We compared the distributions of the proportions of shared outlier nucleotide sites, outlier genes and enriched biological functions across pairs using a two-sided X2-test with continuity correction in R: chisq.R. See: PropSharedPairs.txt for the summary file of the counts and proportions of shared SNPs, genes and functions across pairs.

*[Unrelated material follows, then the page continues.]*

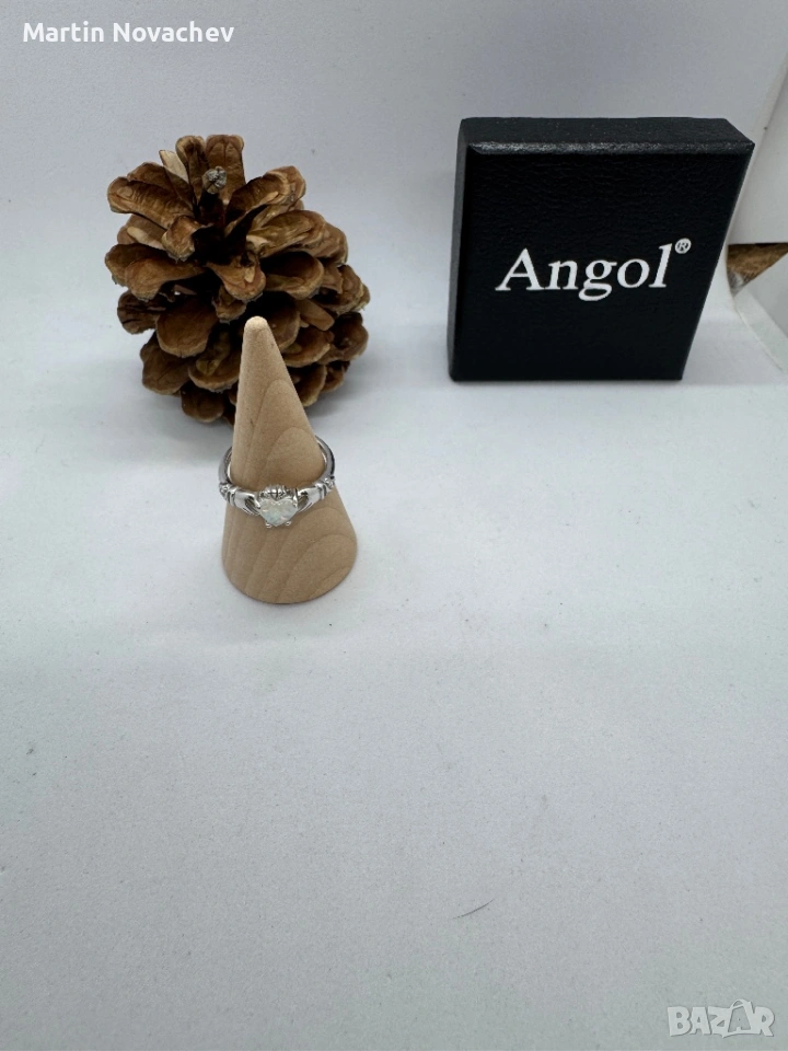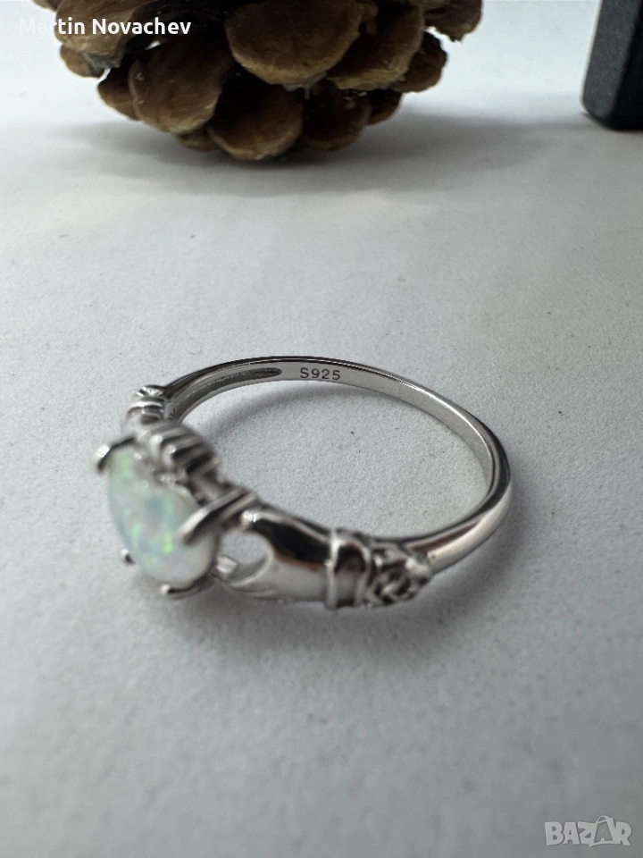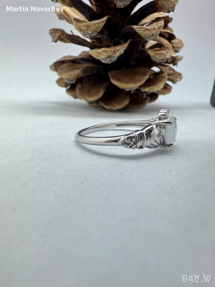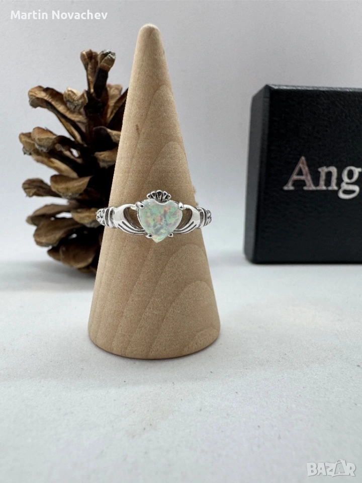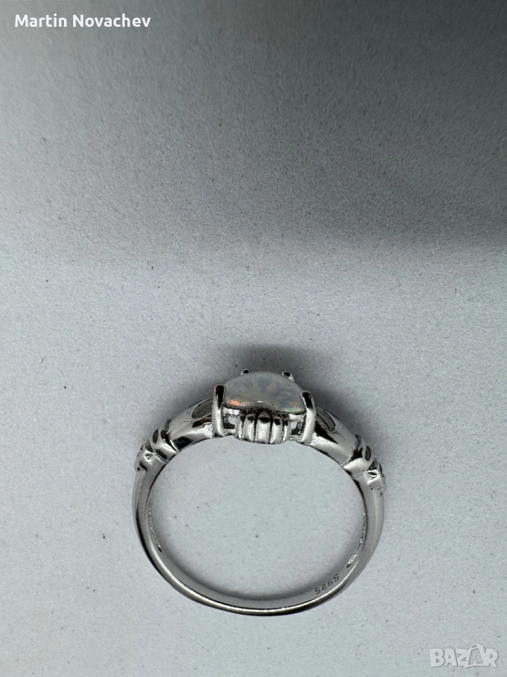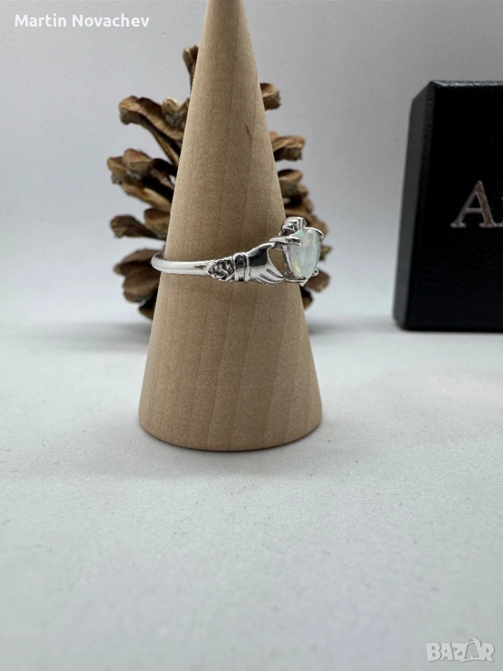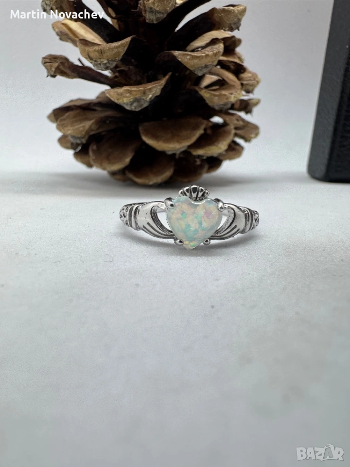Елегантен пръстен от сребро с красив камък във формата на сърце, имитиращ опал. Камъкът прелива в нежни цветове и създава изключителен блясък при светлина.

We tested whether the variation in phenotypic parallelism within the system could be explained by demographic factors. See the section “Linear models” of the R code: phenotypeGenotype.R for the linear models. The input file is found here: phenoEnvGfDivTime.txt (note some of these values are found in Table S4 of the manuscript). We asked whether pairs that were more phenotypically similar shared more outlier nucleotide sites, genes, and biological functions using Mantel tests. The input files are as follows: The matrix of phenotypic angles between localities: anglesMatrix.txt
The matrix of phenotypic change in lengths between localities: deltaLengthsMatrix.txt
The matrix of shared outlier SNPs between localities: sharedSNPsMatrixNoTas.txt
The matrix of shared outlier genes between localities: sharedGenesMatrixNoTas.txt
The matrix of shared enriched biological functions between localities: sharedPathwaysMatrixNoTas.txt
In these files, the populations are ordered numerically (i.e., D00H00, D01H01, D02H04, D03H02, D04H05, D05H06, D12H14, D14H15, D32H12). See the section “Mantel tests” of the R code: phenotypeGenotype.R for the Mantel tests.